A Mayfair man shot and killed an attacker who tried to rob him while posing as a cop, police say
The brazen robbery attempt was another violent incident in a four-day stretch in Philadelphia marked by gunfire.
A 25-year-old man was threatened at gunpoint and zip-tied Sunday night by a pair of would-be robbers outside his Mayfair apartment, but managed to break free, grab his legally owned handgun from his waistband, and fire at his attackers, killing one as the other ran away, police said.
The man’s assailants were wearing ski masks and fake police badges when they approached him with guns around 10 p.m., police said.
The attempted robbery was another violent incident in a four-day stretch marked by gunfire. At least 55 people were killed or wounded in the city in shootings between Thursday and Sunday, according to an Inquirer analysis of police statistics, making that one of the worst four-day stretches of gun violence in the city since 2015.
Ten of those victims died, the analysis shows, including three males — ages 17, 22, and 25 — fatally shot in separate incidents in the course of three hours Saturday afternoon. Authorities provided few details about the crimes and said none had resulted in arrests.
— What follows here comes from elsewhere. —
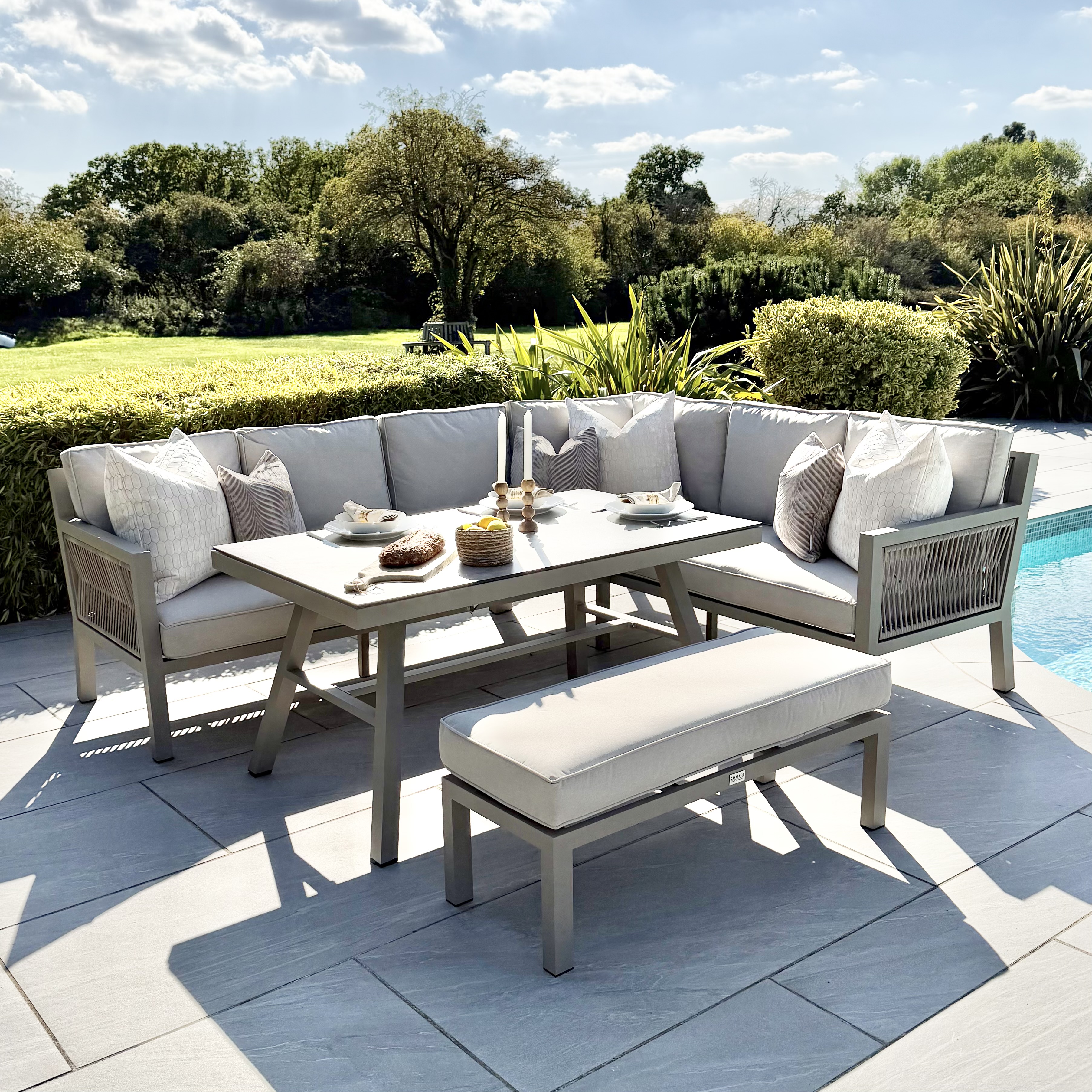 The Chimes - Seville Aluminium Casual Corner Dining Set - Right Hand - Champagne is our new corner dining set with rope finish which comes with a 5 year warranty.

The shootings came as gunfire broke out in other communities across the country: In Pittsburgh, two teens were killed and at least eight others were injured when more than 90 shots were fired at a house party early Sunday morning. More than a dozen people were shot in a series of incidents in Chicago. And in South Carolina, authorities said, there were two mass shootings over the holiday weekend — one at a mall that left 14 injured, another at a restaurant that wounded nine.
At Philadelphia City Hall on Monday, a half-dozen advocates and State Sen. Art Haywood staged a sit-in outside Mayor Jim Kenney’s office, demanding a more urgent and cohesive response to the gun violence crisis.
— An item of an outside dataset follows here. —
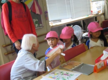 104歳・98歳・・かなりご高齢の方もおられ握手したり、ゲームをされているのを覗き込んだり・・・
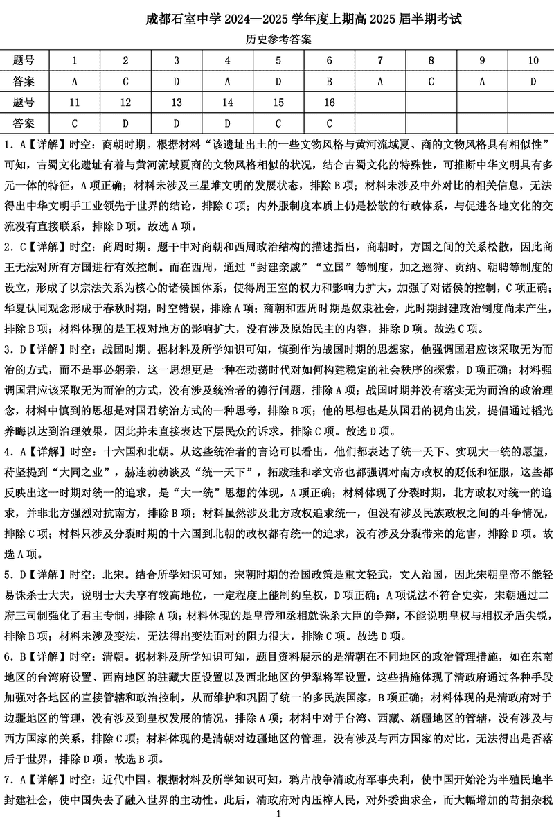 成都石室中学2025届高三11月期中历史考试已于近日开考,为方便考生考后及时查看考试情况,查漏补缺、弥补不足,本文整理了试题答案解析相关信息!

Haywood, a Democrat who represents parts of Philadelphia and Montgomery Counties, said he’s asked to meet the mayor — without success — three times since last year to discuss violence-prevention tactics that other cities have tried. The group plans to sit in at City Hall every day until Kenney meets with them, he said.
“The strategy is not coordinated,” Haywood said. “And I’m seeing an increasing level of hopelessness that we have to address.”
Already this year, 140 people have been slain in homicides in Philadelphia, police statistics show, a slight decrease compared with last year’s record-setting pace, but well above the year-to-date total in much of the city’s recent history. An additional 500 people have been wounded in shootings in 2022, the statistics show.
District Attorney Larry Krasner said at a weekly news conference Monday that it was “a pretty terrible weekend in Philadelphia.”
“Shooting victims were aged as young as 3 years old up to senior citizens,” Krasner said.
Police said the attack in Mayfair happened on the 7200 block of Battersby Street around 10 p.m. Homicide Capt. Jason Smith said a resident of an apartment had just parked his Dodge Hellcat when he was approached by two men who identified themselves as police officers, bound his hands with zip-ties, held a gun to his back, and started walking him toward his apartment. One of the men was wearing a gold badge that hung around his neck, Smith said.
Before they got inside, the resident — whom police did not identify — managed to break one hand free of the zip-tie and reach for his gun, Smith said. He fired several shots, striking one of the attackers in the head, arm, and chest. The second suspect ran away, while Smith said the resident — who had a license to carry a firearm — went into his apartment and barricaded his door with furniture.
The man who was shot was taken to Jefferson-Torresdale Hospital and pronounced dead at 10:19 p.m., police said. Smith said police recovered nine fired cartridge casings at the scene, though it was not clear if all were from the resident’s gun.
Smith said investigators were not sure what the robbers may have been looking for, or whether they knew the man they attacked.
“We don’t know why he was targeted,” he said.
Smith said he did not expect the man who fired at his assailants to face charges. Krasner and Assistant District Attorney Joanne Pescatore, supervisor of the DA’s Homicide and Non-Fatal Shooting Unit, declined to offer details on the case, citing an ongoing investigation.
In Mayfair on Monday, few signs remained of the chaos from the night before.
Steve Schaefer, who lives across a three-foot alleyway from where the shooting happened, said he was in his bedroom Sunday night when he heard five to six loud banging noises around the same time. He said he and his brother went out moments later to see the door to his neighbor’s apartment ajar as police converged on the scene.
Denise McGlinchey, who lives a few doors away, said Monday that she had been relaxing Sunday night when she heard loud noises outside her window. She didn’t think anything of it — until police arrived.
”It was crazy,” she said.
Graphics editor John Duchneskie and staff writers Mensah M. Dean and Anna Orso contributed to this article.